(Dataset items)

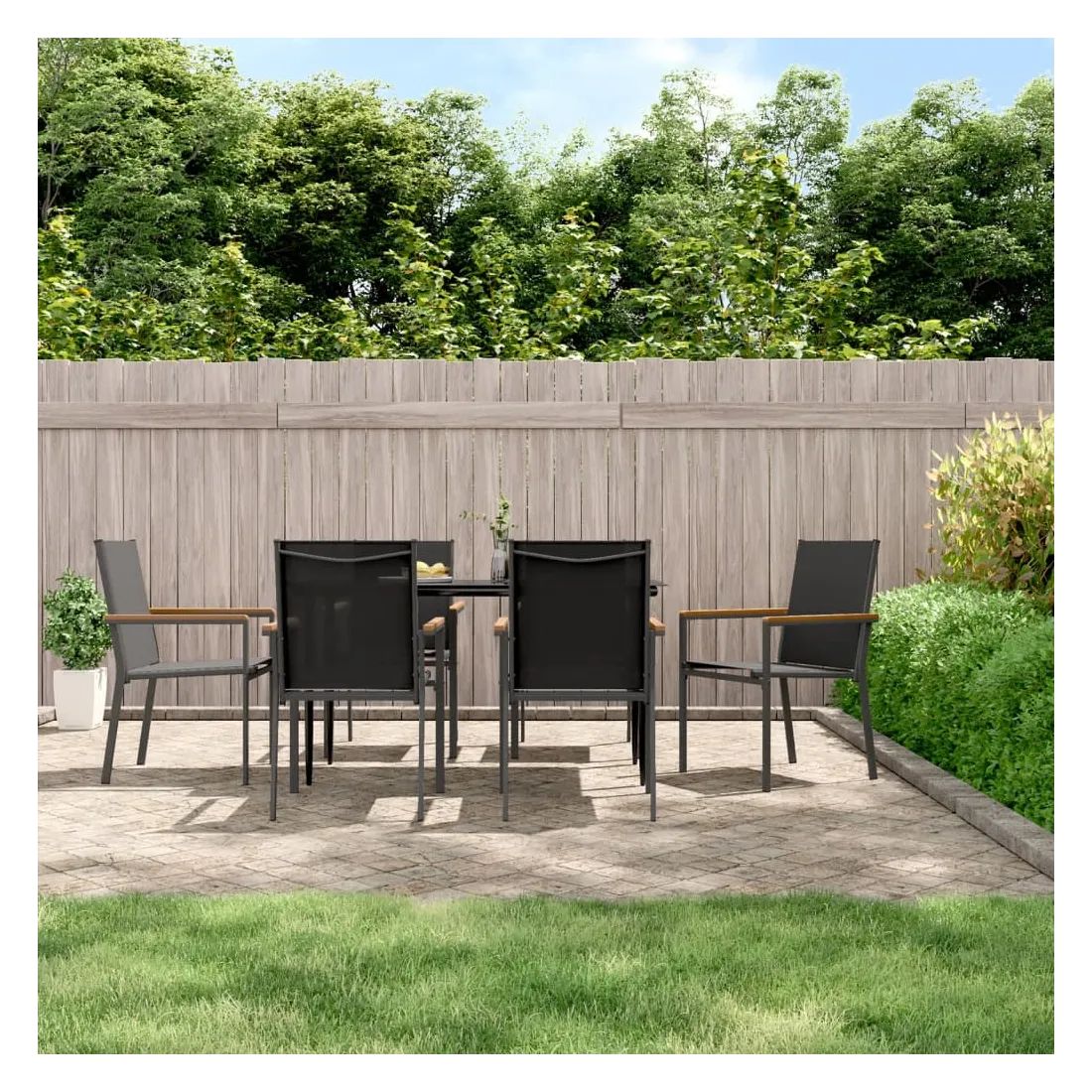 Détendez-vous et profitez d'un bon thé de l'après-midi ou de n'importe quel repas avec votre famille et vos amis autour de cet ensemble de salle à manger de jardin ! Matériau durable : le tissu en textilène permet à l'air de circuler librement à travers lui tout en étant résistant aux rayons UV. Le textilène est donc idéal pour les temps chauds. En tant que matériau durable et solide, il est très résistant aux déchirures, aux perforations et aux moisissures.Cadre robuste et stable : les cadres en acier rendent l'ensemble à manger robuste et stable pour une utilisation quotidienne à l'extérieur.Dessus de table pratique : le plateau lisse de la table à manger est en verre trempé facile à nettoyer avec un chiffon humide. De plus, il offre un excellent support pour contenir vos repas, boissons et autres objets décoratifs.Assise confortable : la chaise à manger est conçue avec un dossier et des accoudoirs pour vous offrir une expérience d'assise confortable. Remarque :Pour que vos meubles d'extérieur restent beaux, nous vous recommandons de les protéger avec une housse imperméable.
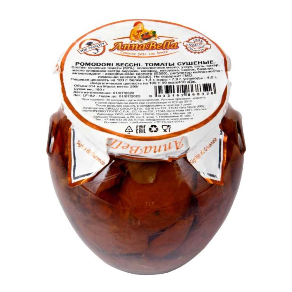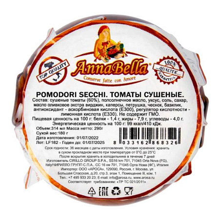 Томаты сушеные в масле 290гр/314мл (осн.пр.180гр) ст/б AnnaBella™ Италия (КОД 73396) (+18°С)
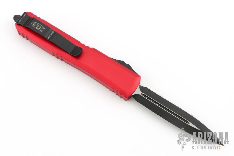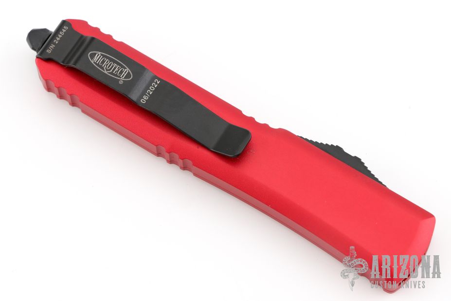 This Ultratech OTF automatic by Microtech features a D/E black blade with one fully serrated edge. Red aluminum contoured frame with black hardware and tip down stainless steel clip. Dated 06/2022 and s/n 244545. Excellent condition.
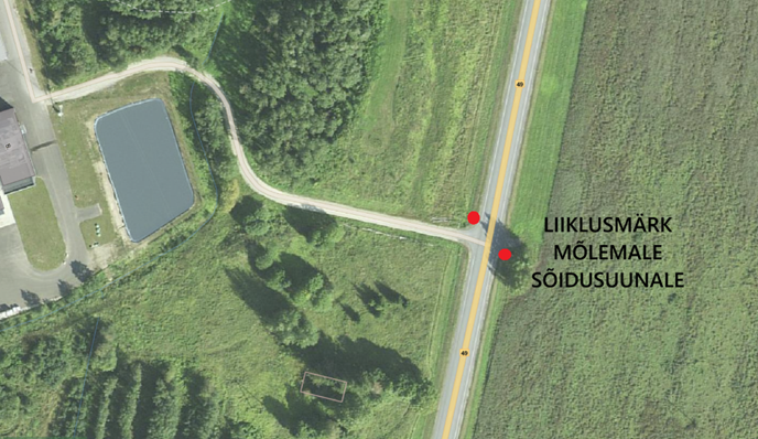 Kahepoolne liiklusmärk, mis oleks näha nii Imavere kui Viljandi poolt sõites. Eesmärk on tähistada Fibenol Imavere OÜ territooriumile viivat teeotsa.
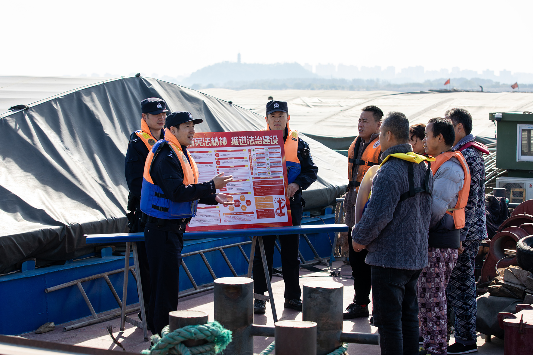 12月1日,長江航運(yùn)公安局鎮(zhèn)江分局結(jié)合“百萬警進(jìn)千萬家”活動,組織民警前往轄區(qū)長江錨地水域開展“船頭普法課堂”,普及憲法知識。
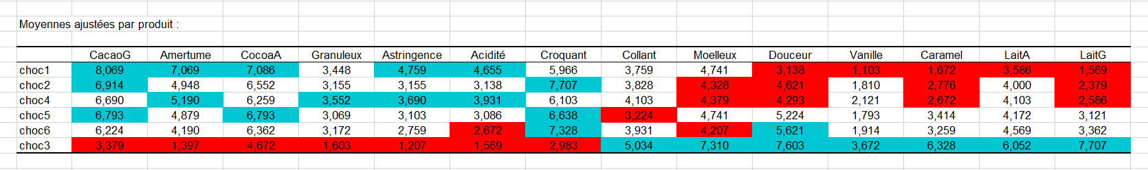 Finalement, le dernier tableau permet de faire ressortir les moyennes lorsque l'on croise les différents produits et les caractéristiques. On voit donc en bleu les moyennes qui sont significativement plus grandes que la moyenne globale et en rouge celles qui sont significativement plus petites que la moyenne globale. Pour choc1, on voit que ce produit a un goût fortement chocolaté, est amer et a un aspect très chocolaté. A l’inverse, le produit choc3 est une boisson chocolatée très sucrée, au lait.
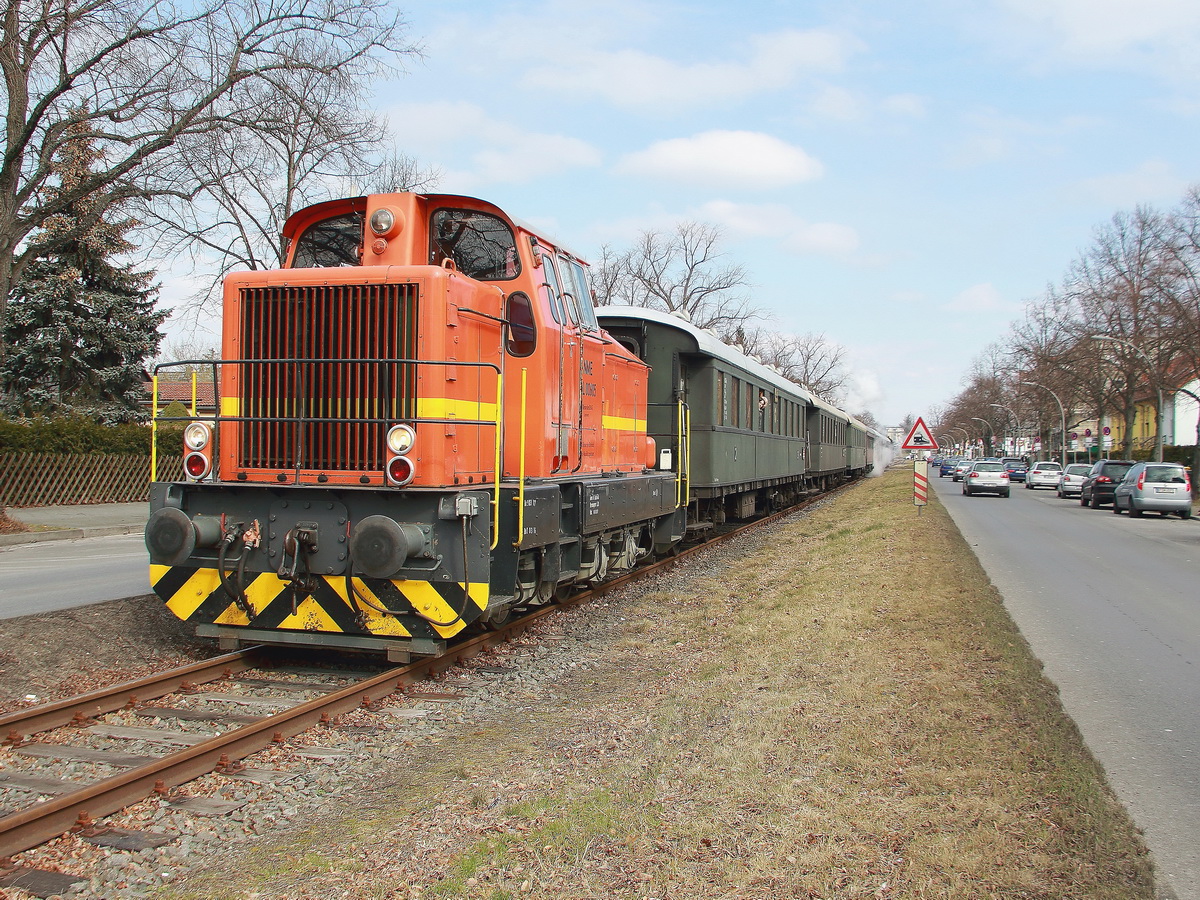ML 00605 der Neukölln - Mittenwalder Eisenbahn-Gesellschaft AG (NME) in der Stubenrauchstrasse in Berlin Rudow am 17. März 2018.

REQUIRED WORK: Output exactly the lines above that lie between the line with "This Ultratech OTF" and the line with "12月1日,長江航運(yùn", those two lines included, and no pictures.

TASK ANSWER:
 This Ultratech OTF automatic by Microtech features a D/E black blade with one fully serrated edge. Red aluminum contoured frame with black hardware and tip down stainless steel clip. Dated 06/2022 and s/n 244545. Excellent condition.
 Kahepoolne liiklusmärk, mis oleks näha nii Imavere kui Viljandi poolt sõites. Eesmärk on tähistada Fibenol Imavere OÜ territooriumile viivat teeotsa.
 12月1日,長江航運(yùn)公安局鎮(zhèn)江分局結(jié)合“百萬警進(jìn)千萬家”活動,組織民警前往轄區(qū)長江錨地水域開展“船頭普法課堂”,普及憲法知識。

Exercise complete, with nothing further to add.